▶ **GIVEN RECORDS**
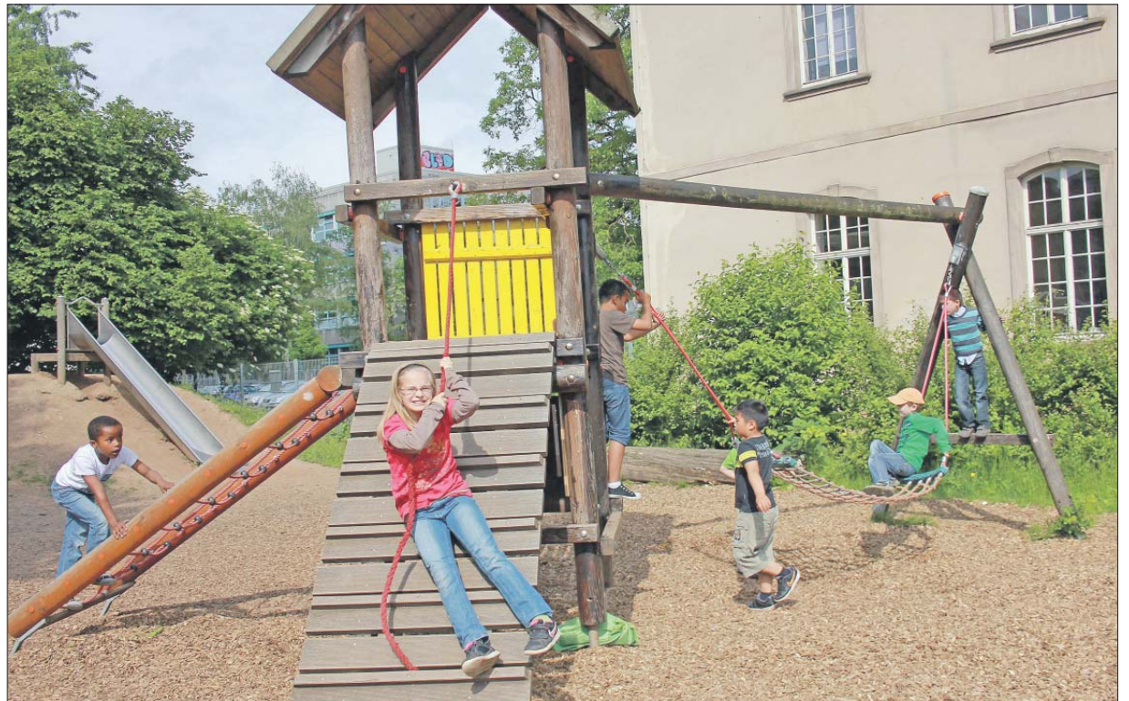
Bunte Mischung. In der innenstadtnahen Ausonius-Grundschule treffen sich in der Pause Kinder aus zahlreichen Nationen auf dem Spielplatz.
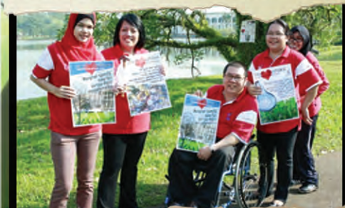
Kami Sayang Pustaka..Staf Pustaka Negeri Sarawak bersedia dan bersemangat untuk menggantung poster kempen kebersihan di pokok-pokok di sekitar taman Pustaka.
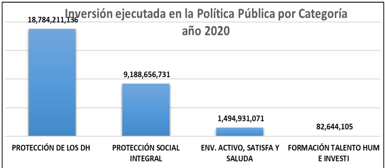
Gráfica 1. Inversión por categoría.

En la gráfica se observa que la categoría que mayor presupuesto ejecutado tiene en el año 2020, es la de Protección de los derechos humanos, con un total de $18.784.211.136, logrando un porcentaje de avance del 63%, en esta categoría se encuentran 14 de las 49 acciones que contiene la política. La categoría con menor presupuesto ejecutado es Formación talento humano e investigación, con $82.644.105 con un total de 14 acciones logrando un porcentaje de avance del 54%. La Inversión total para el año 2020 fue de $29.550.443.042.
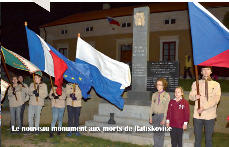
Le nouveau monument aux morts de Ratiskovice
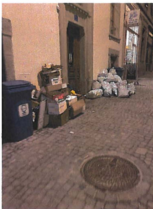
Photos prises à la Place de la palud et à la Rue pré-du-marché les 17 et 18 janvier 2022
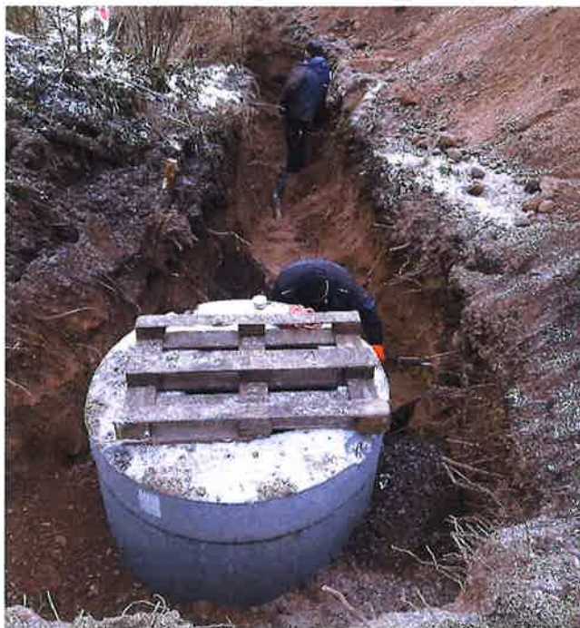
Zdjęcie nr 23– Budowa sieć wodno-kanalizacyjnej w miejscowości Piaski dz. 83/11
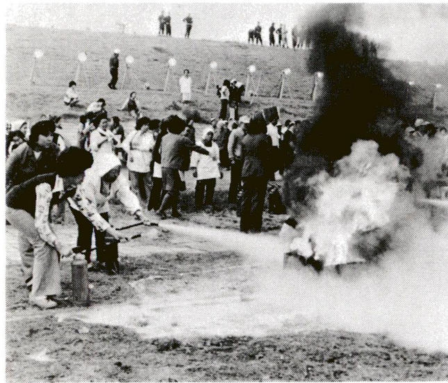
いざ本番にそなえてママさんも消火訓練

大きく変化しています。かつて は木と紙が原料だった家庭に も、化学的に作られた新建材が ふんだんに取り入れられるよう になりました。それらの新建材 は、燃える時に多量の有毒な煙 を出します。 昔から恐ろしいものの代表と して、地震・雷・火災などがあ げられていますが、今はこれに 「煙」を加える必要があるとい われています。 平常の火災でも、煙が原因と なって多くの人命が亡われてい ます。万一、大きな地震が起き たら、火事・煙が発生し、恐ろ しい災害となる可能性が非常に 高いです。
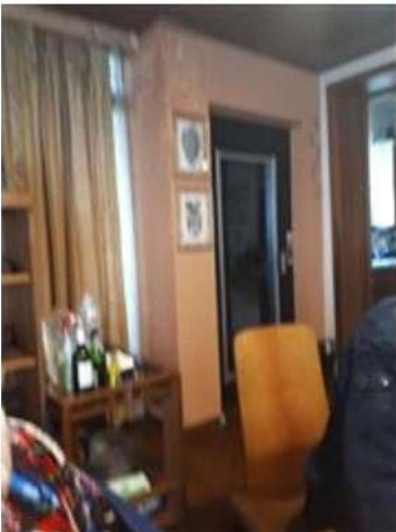
Ascensore sul soggiorno PT

▶ **ACTION ITEM**
Every record is to be repeated exactly, and no picture is carried over.

▶ **YOUR RESPONSE**
Bunte Mischung. In der innenstadtnahen Ausonius-Grundschule treffen sich in der Pause Kinder aus zahlreichen Nationen auf dem Spielplatz.
Kami Sayang Pustaka..Staf Pustaka Negeri Sarawak bersedia dan bersemangat untuk menggantung poster kempen kebersihan di pokok-pokok di sekitar taman Pustaka.
Gráfica 1. Inversión por categoría.

En la gráfica se observa que la categoría que mayor presupuesto ejecutado tiene en el año 2020, es la de Protección de los derechos humanos, con un total de $18.784.211.136, logrando un porcentaje de avance del 63%, en esta categoría se encuentran 14 de las 49 acciones que contiene la política. La categoría con menor presupuesto ejecutado es Formación talento humano e investigación, con $82.644.105 con un total de 14 acciones logrando un porcentaje de avance del 54%. La Inversión total para el año 2020 fue de $29.550.443.042.
Le nouveau monument aux morts de Ratiskovice
Photos prises à la Place de la palud et à la Rue pré-du-marché les 17 et 18 janvier 2022
Zdjęcie nr 23– Budowa sieć wodno-kanalizacyjnej w miejscowości Piaski dz. 83/11
いざ本番にそなえてママさんも消火訓練

大きく変化しています。かつて は木と紙が原料だった家庭に も、化学的に作られた新建材が ふんだんに取り入れられるよう になりました。それらの新建材 は、燃える時に多量の有毒な煙 を出します。 昔から恐ろしいものの代表と して、地震・雷・火災などがあ げられていますが、今はこれに 「煙」を加える必要があるとい われています。 平常の火災でも、煙が原因と なって多くの人命が亡われてい ます。万一、大きな地震が起き たら、火事・煙が発生し、恐ろ しい災害となる可能性が非常に 高いです。
Ascensore sul soggiorno PT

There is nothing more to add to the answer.